- _What this task involves_
Could you transcribe exactly the lines from the one containing "MÉXICO, D.F., 25JULIO2007.- Los" through the last line of the records below, leaving out the pictures?

- _Provided data_
--------

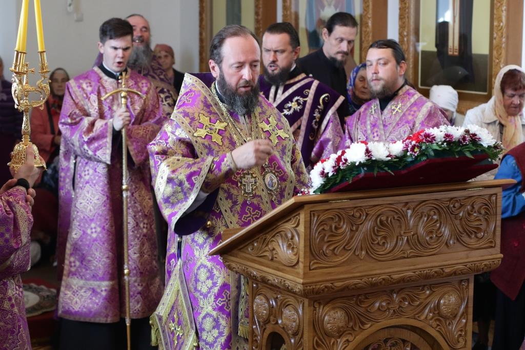 После окончания Божественной Литургии было совершено поклонение Честному Древу Креста Господня, после которого Архипастырь обратился к верующим со словом поучения.
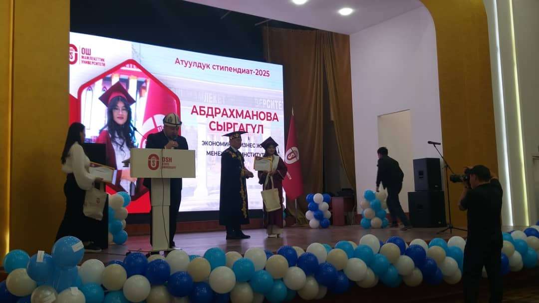 Иш чаранын жүрүшүндө ОшМУнун алдыңкы студенттери сыйланды.
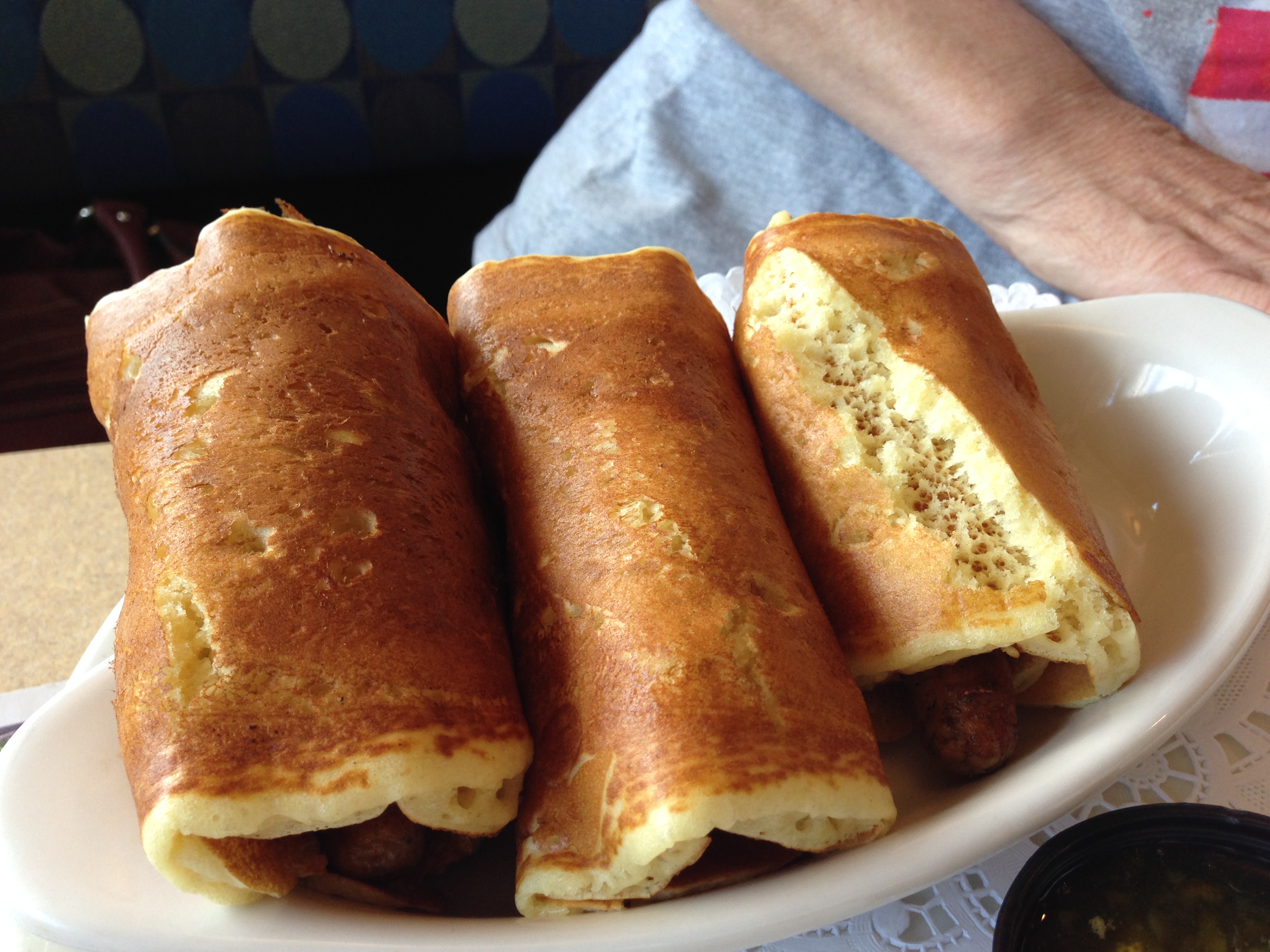 For the second morning in a row, we woke early and got on the road to try Mom’s Kitchen, which was located out by the crappiest mall I’ve ever been to. (It was so bad, the nicest store in it was Target.) Mom’s Kitchen is in a strip mall, so I didn’t expect much. And really I didn’t get much in return from Mom’s. I ordered a special that came with biscuits and gravy, eggs, home fries, sausage patties and, for some reason, toast. Not sure why they give patrons toast when they already have biscuits as part of the dish, but I didn’t question it. I even specified rye toast and had it buttered–I’m glad I did since I ended up filling my gut on the toast. The first problem with my dish was the tepid white gravy. It lacked flavor. Next, the biscuits weren’t very good or fresh tasting. Third, the eggs were browned and nearly burnt. Not a fan of Mom’s, I have to say. My mom ordered the steak and eggs, and seemed to enjoy her dish.
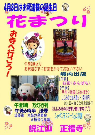 4月8日(月)花まつりご案内です 午前9時~本堂前にお釈迦様を安置しますので甘茶を掛けて…
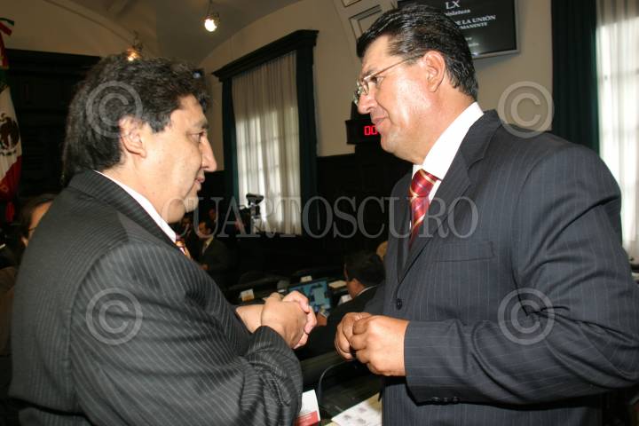 MÉXICO, D.F., 25JULIO2007.- Los legisladores del Partido del Trabajo, Abundio Peregrino y Alejandro González Yañez, durante la sesión de la Comisión Permanente en el Senado. FOTO: MOISÉS PABLO/CUARTOSCURO.COM
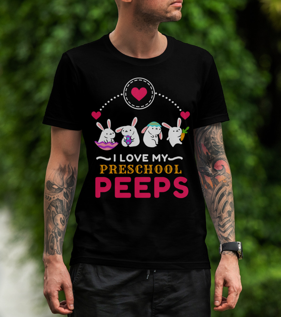 I Love My Preschool Peeps Cute Easter Bunnies Holding Carrot And Egg T-Shirt
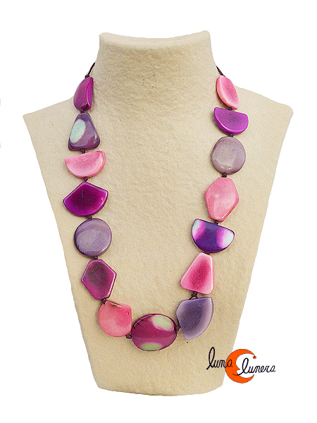 Collar hecho con semillas de tagua. Está hecho con piezas de semilla hiladas con cordel y al final tiene un sistema de nudos que permite ponerlo a diferentes alturas: desde un collar largo hasta uno de largo medio. Es muy vistoso, muy original y muy alegre. Bisuteria orgánica donde las semillas mantienen siempre el color y el brillo.
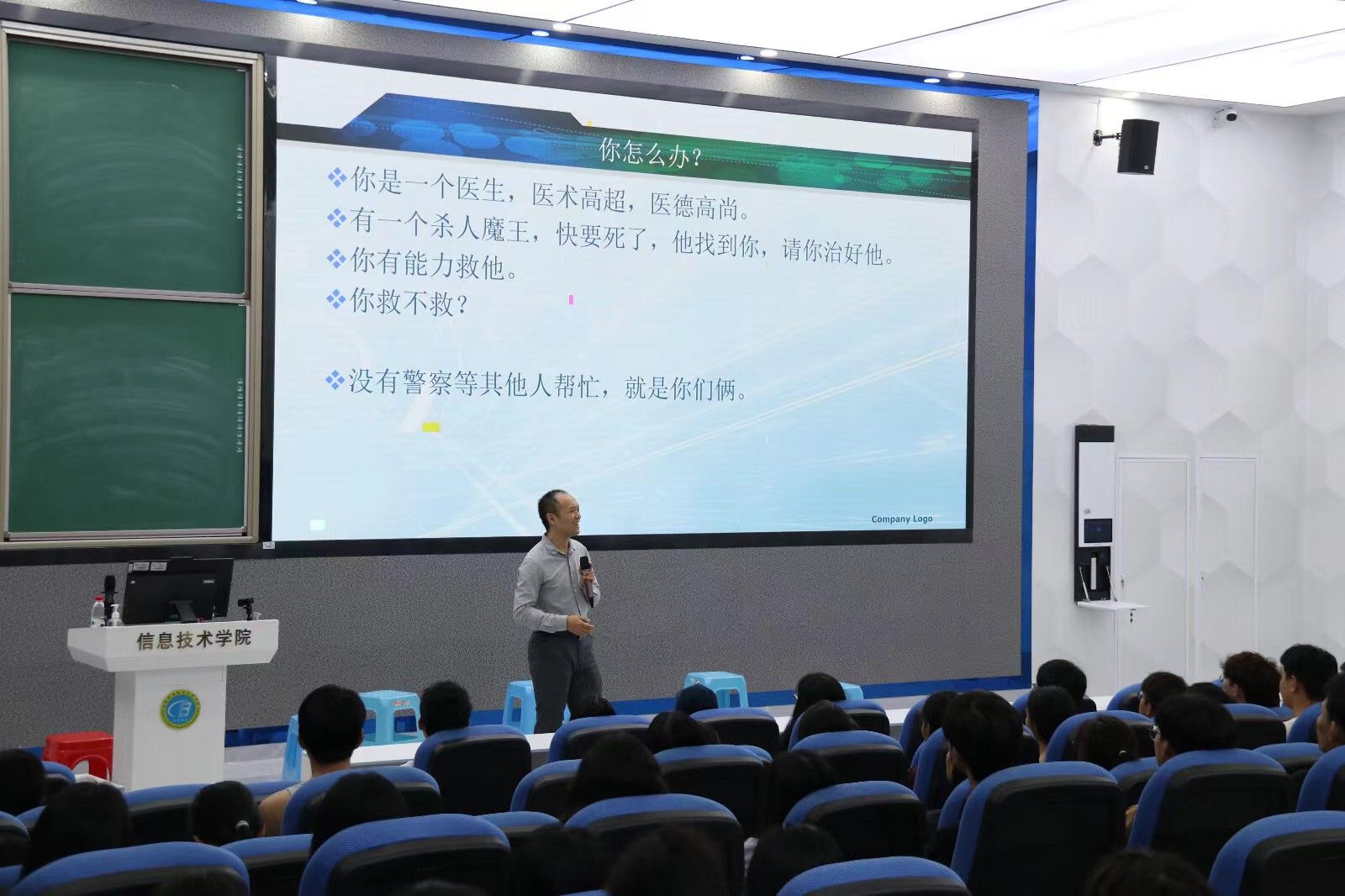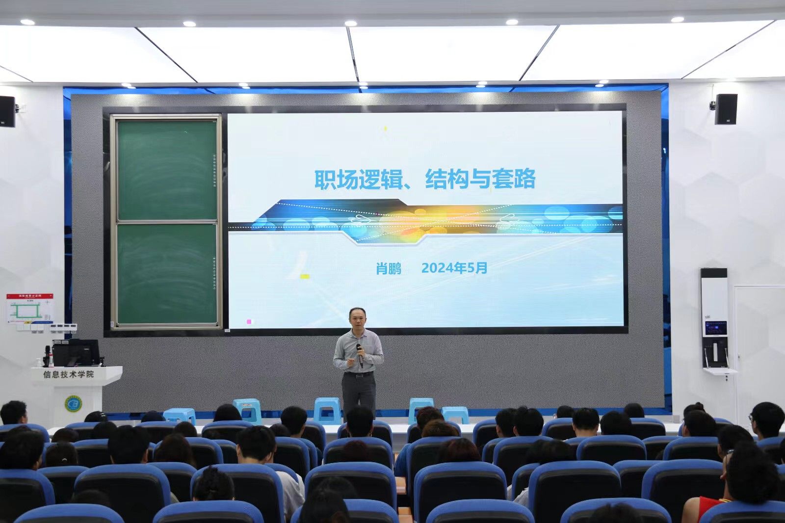 活动伊始,肖鹏老师通过深入浅出的讲解,向同学们介绍了职场中可能遇到的各种情况,并精心设计了多个模拟场景,使同学们能够身临其境地体验职场生活。在每个模拟场景中,肖老师都挑选了同学上台参与互动,模拟在职场中可能遇到的各种挑战和问题。他向员工们提出了一系列具有针对性的问题,挑战员工们的职场应对能力,同学们面对老师的提问,对答如流,充分展示了他们的专业素养和应变能力,现场气氛热烈而活跃。
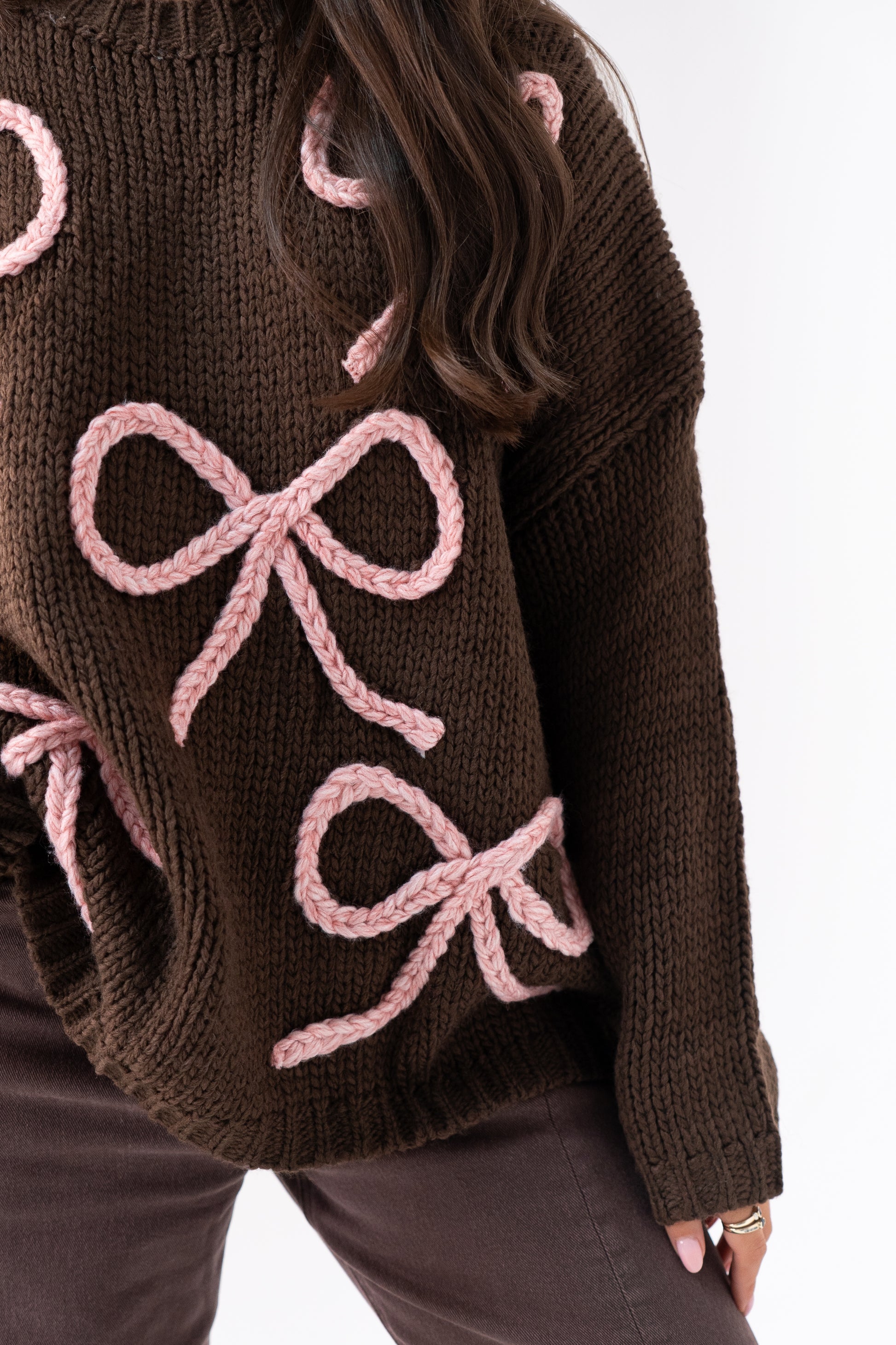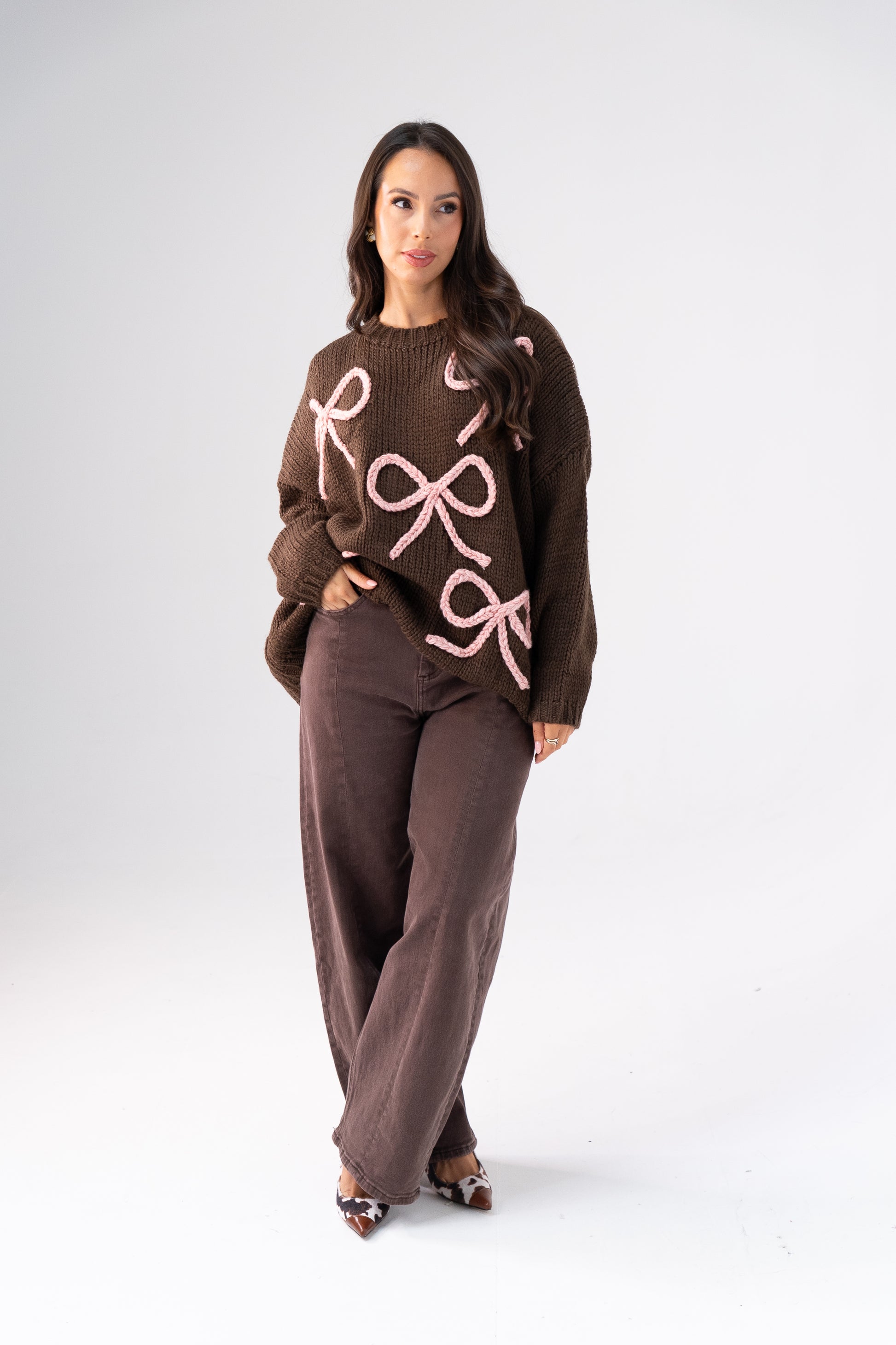 Elevate your knitwear collection with this sophisticated Caitlyn Bow Detail Jumper. Crafted from a luxurious chunky knit in rich chocolate, this piece combines timeless elegance with contemporary style. The round neckline and drop shoulder silhouette create a relaxed, flattering fit, whilst the charming pink bow detail at the front adds a distinctive focal point. Designed to fit sizes 8-14, the long sleeves provide warmth and coverage. Perfect for layering or wearing standalone, this versatile jumper transitions seamlessly from casual weekends to polished occasions.

--------

- _Solution to this problem_
 MÉXICO, D.F., 25JULIO2007.- Los legisladores del Partido del Trabajo, Abundio Peregrino y Alejandro González Yañez, durante la sesión de la Comisión Permanente en el Senado. FOTO: MOISÉS PABLO/CUARTOSCURO.COM
 I Love My Preschool Peeps Cute Easter Bunnies Holding Carrot And Egg T-Shirt
 Collar hecho con semillas de tagua. Está hecho con piezas de semilla hiladas con cordel y al final tiene un sistema de nudos que permite ponerlo a diferentes alturas: desde un collar largo hasta uno de largo medio. Es muy vistoso, muy original y muy alegre. Bisuteria orgánica donde las semillas mantienen siempre el color y el brillo.
 活动伊始,肖鹏老师通过深入浅出的讲解,向同学们介绍了职场中可能遇到的各种情况,并精心设计了多个模拟场景,使同学们能够身临其境地体验职场生活。在每个模拟场景中,肖老师都挑选了同学上台参与互动,模拟在职场中可能遇到的各种挑战和问题。他向员工们提出了一系列具有针对性的问题,挑战员工们的职场应对能力,同学们面对老师的提问,对答如流,充分展示了他们的专业素养和应变能力,现场气氛热烈而活跃。
 Elevate your knitwear collection with this sophisticated Caitlyn Bow Detail Jumper. Crafted from a luxurious chunky knit in rich chocolate, this piece combines timeless elegance with contemporary style. The round neckline and drop shoulder silhouette create a relaxed, flattering fit, whilst the charming pink bow detail at the front adds a distinctive focal point. Designed to fit sizes 8-14, the long sleeves provide warmth and coverage. Perfect for layering or wearing standalone, this versatile jumper transitions seamlessly from casual weekends to polished occasions.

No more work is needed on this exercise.